A 53-year-old, smoking male patient with drug-controlled severe hypertension presented with pain in the left lower extremity (LLE) and sudden limb weakness, with predominant numbness of the left lower extremity.

On admission to the emergency room, the following was observed: pallor of lower limbs, more intense on the left side, absence of femoral and distal pulses of LLE, weak pulse +/4 at right femoral artery and absence of other pulses in the right lower extremity (RLE).

Since the patient suffered from hypertension and was a smoker, had no previous vascular history (claudication), presented signs and symptoms and was clinically diagnosed as having acute occlusion of the aorta, he was submitted to femoral embolectomy, started on the left side (most symptomatic). The femoral artery had a normal appearance, without atheromatous plaques or calcifications. Recent clots and thrombus fragments have been removed, without good arterial flow after several attempts.

CHALLENGE

· What should be done now?

· What can you think of in such situation?

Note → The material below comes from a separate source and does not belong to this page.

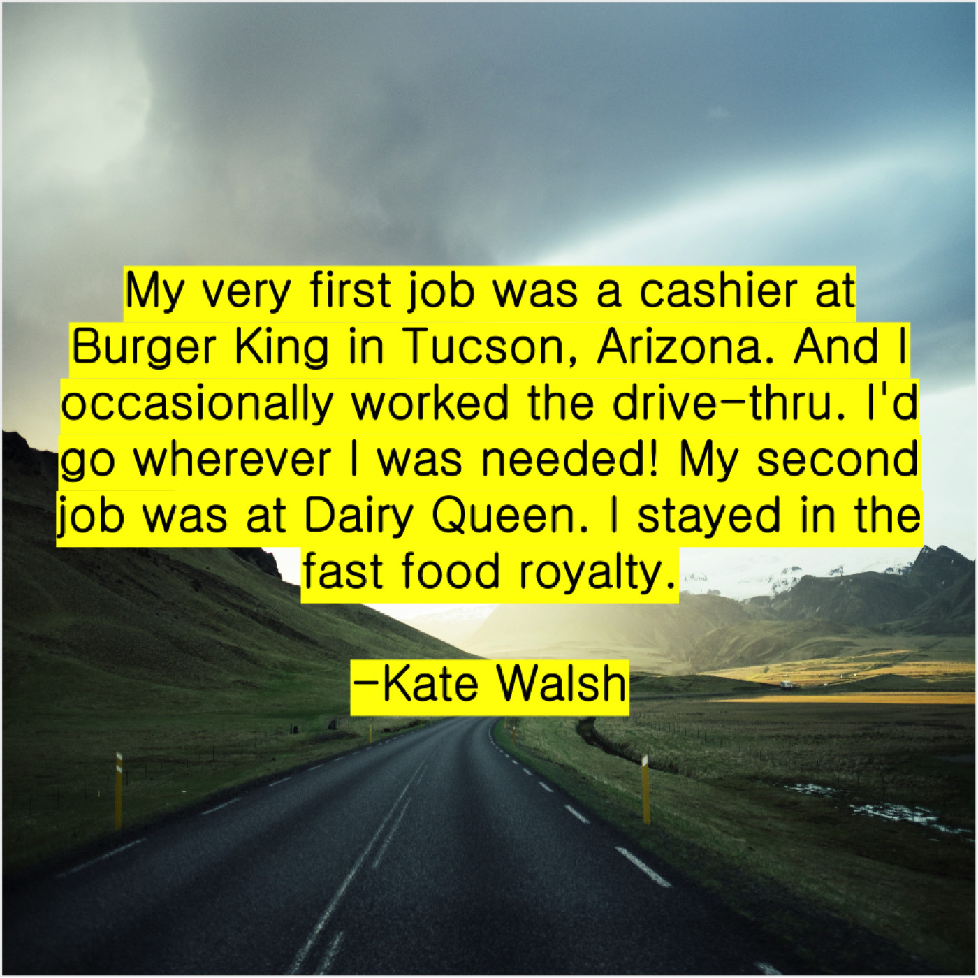 Kate Walsh Kate Walsh – My very first job was… May 14, 2019 admin “My very first job was a cashier at Burger King in Tucson, Arizona. And I occasionally worked the drive-thru. I’d go wherever I was needed! My second job was at Dairy Queen. I stayed in the fast food royalty.”-Kate Walsh

· What is the best alternative, without risking the patient's life?

· Is it possible to perform a thorough and well-documented angiographic investigation in the operating room?

· Wouldn't it be more convenient to conduct the angiographic investigation immediately in the hemodynamics laboratory?

Click here for the answer of the diagnostic challenge.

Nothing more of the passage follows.